Travel management company ATPI Group has experienced “record high” sales during the first half of 2023 with an increase of 35 per cent compared with the same period last year.
ATPI, which was ranked as the eighth largest TMC in Europe by BTN Europe earlier this year, said its profitability had also increased by 25 per cent compared with the pre-Covid year of 2019.
The TMC said it had “strengthened performance across every business line and territory” that it operates in. ATPI added that it had also benefited from “exceptional service levels, staff retention, flexible business model and restructuring efforts during the pandemic”.
ATPI did not release any financial figures for its performance so far this year, although the company had gross European sales of €837 million in 2022, according to BTN Europe’s list of the continent’s leading TMCs.
Ian Sinderson, ATPI Group’s CEO, said: “ATPI emerged from the pandemic in a creative, innovative and service-focused manner - and we’re now stronger than ever. We quickly transitioned from a competitive TMC in each tender process to clear winners.
“I challenge us to sustain post-Covid momentum and take nothing for granted.
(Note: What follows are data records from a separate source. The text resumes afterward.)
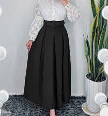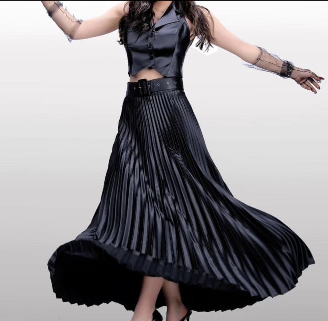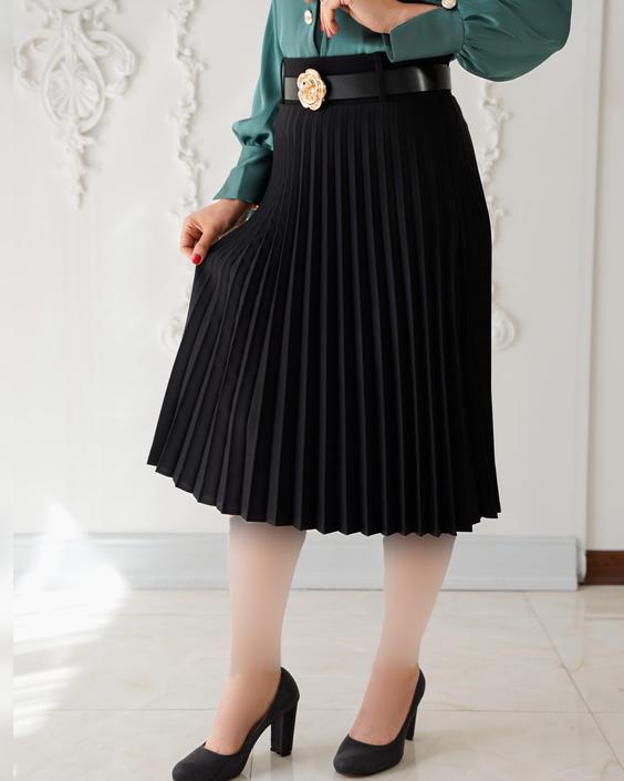 دامن پلیسه قد 100 کمربند دار جنس مازراتی ترک گرم بالا
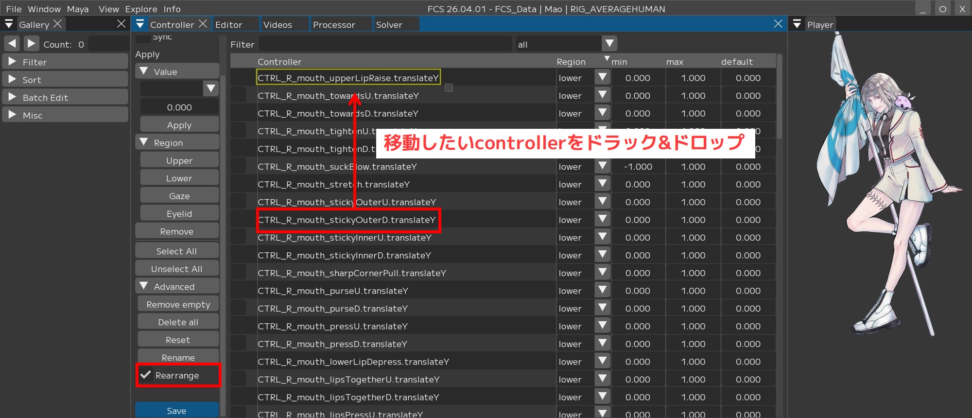 You can also register the minimum and maximum values of controllers when registering controller rigs.
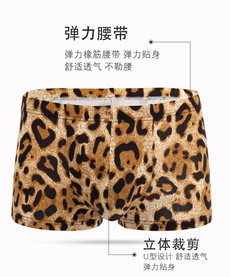 남성용 드롭 배송을 위한 국경 간 전용 제품, 남성용 섹시한 프린트 레오파드 프린트 복서 팬티, 남아용 트렌디 반바지스토어 가기
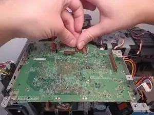 Отсоедините в общей сложности 10 соединений на материнской плате.
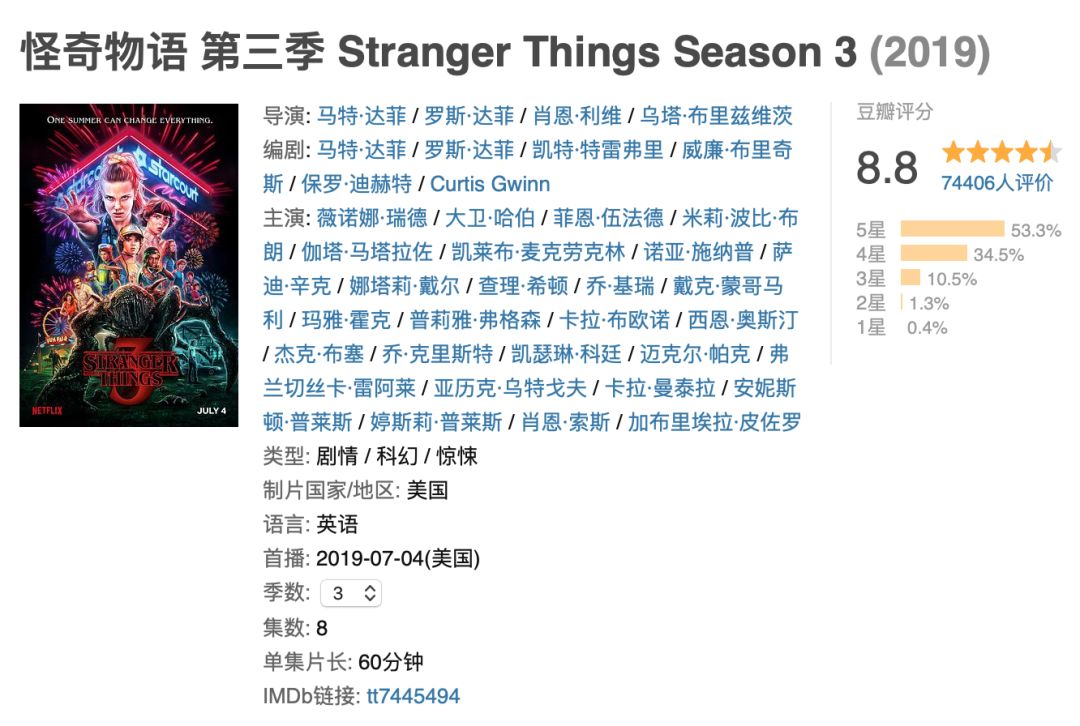 第三季去年也出了,仍然保持8.8分的高分,科幻惊悚加恐怖,又有80年代怀旧背景。
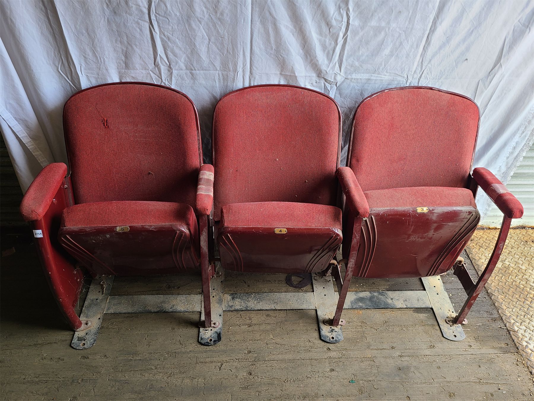 SET OF 3 VINTAGE THEATRE SEATS - 19 x 32 x 63in
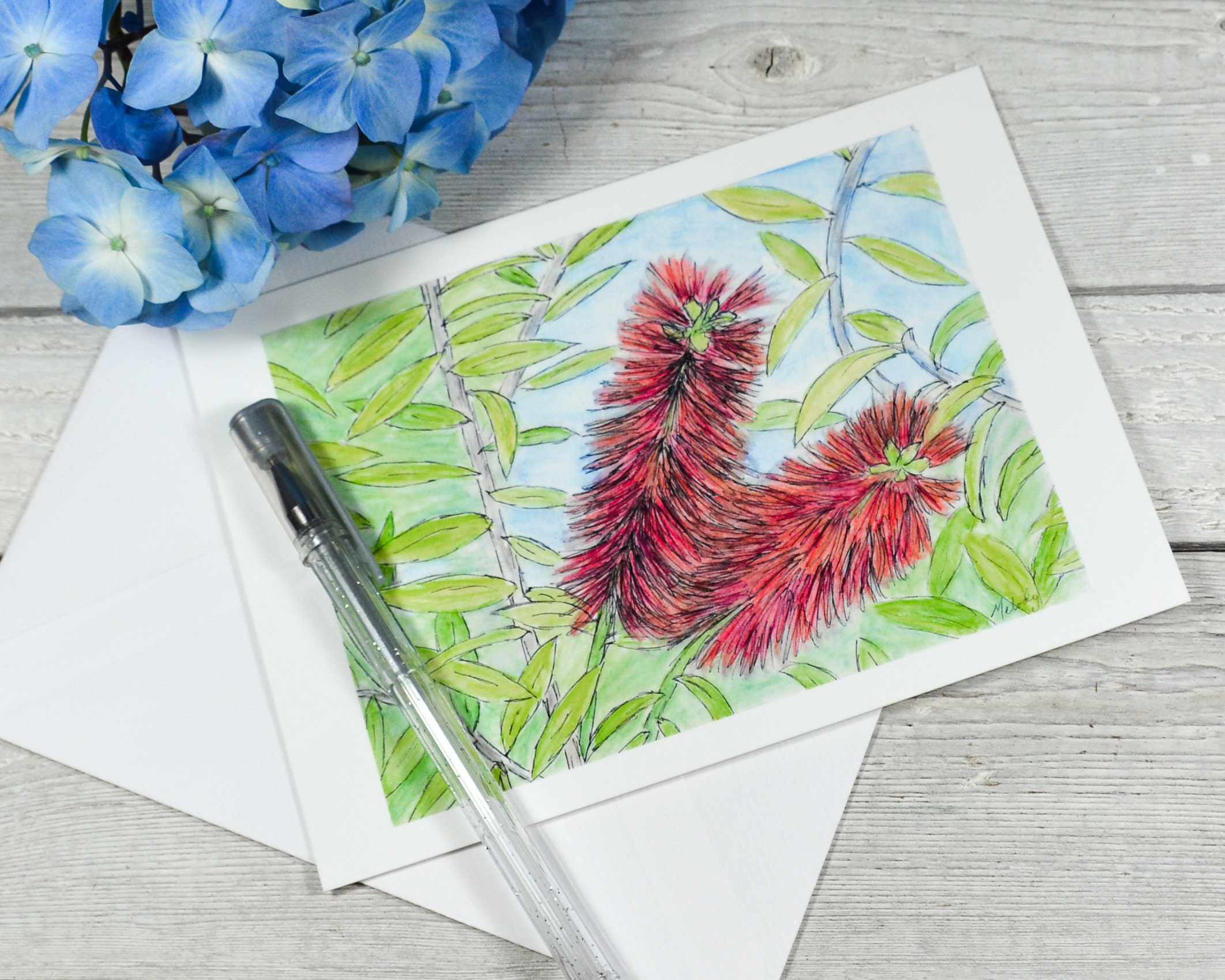 “Bottlebrush” a bright red bloom - 7”w x 5”h
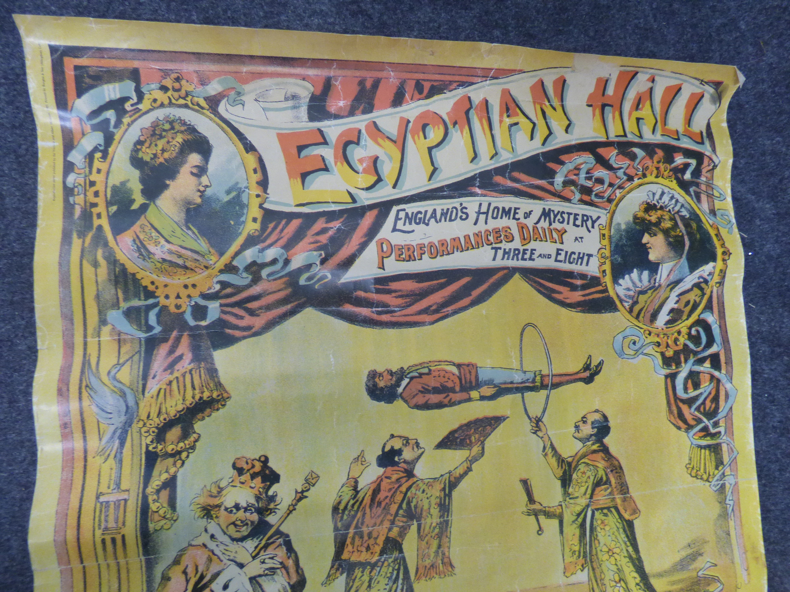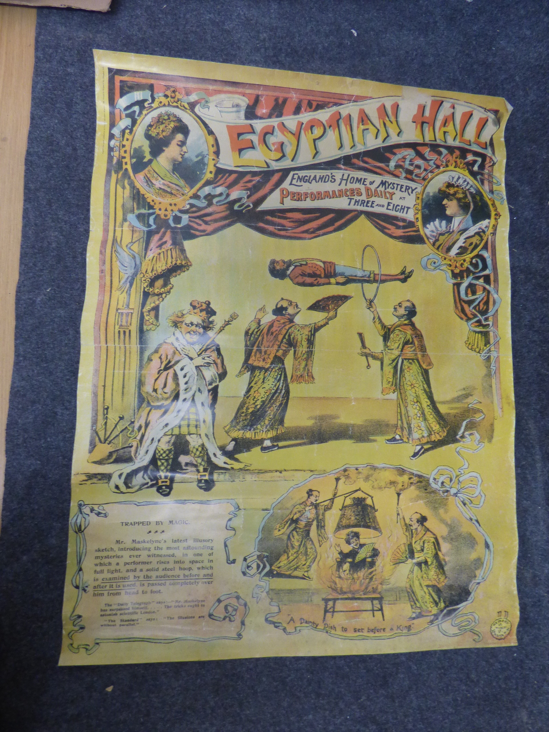 A vintage colour poster for the Egyptian Hall advertising Mr. Maskelyne’s magic illusions including Trapped by Magic, featuring various figures and levitation scenes in yellow and red hues. 75x56cm
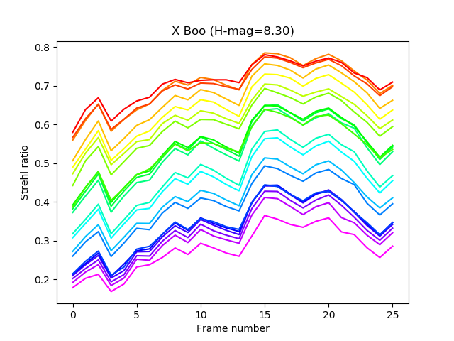Strehl ratio measurements on the target X Boo, for all the 30 s CHARIS frames

By doing so, we fully expect to double the size of our business in the next five years.”
The group’s strong presence in the marine industry meant that “a significant percentage of the business never slowed down during the pandemic”. This allowed the company to retain a “large proportion of its workforce and streamline its operations in other areas”.
There have also been “significant new client wins” outside the marine industry, added ATPI, including in the mining and resources sectors, as well as its growing sports, media and entertainment businesses.
ATPI’s increase in sales during the first six months of 2023 also helped to drive an increase of nearly 30 per cent in both revenue and ebitda (earnings before interest, taxes, depreciation and amortisation) for the TMC compared with the first half of last year.
The company said its staffing levels were now back to pre-Covid levels and it had also increased its investment in technology by 35 per cent compared with 2019. This work has included integrating its profile, invoice, approval and itinerary platform with Microsoft Teams, upgrading its mobile app and creating a new analytics platform for clients.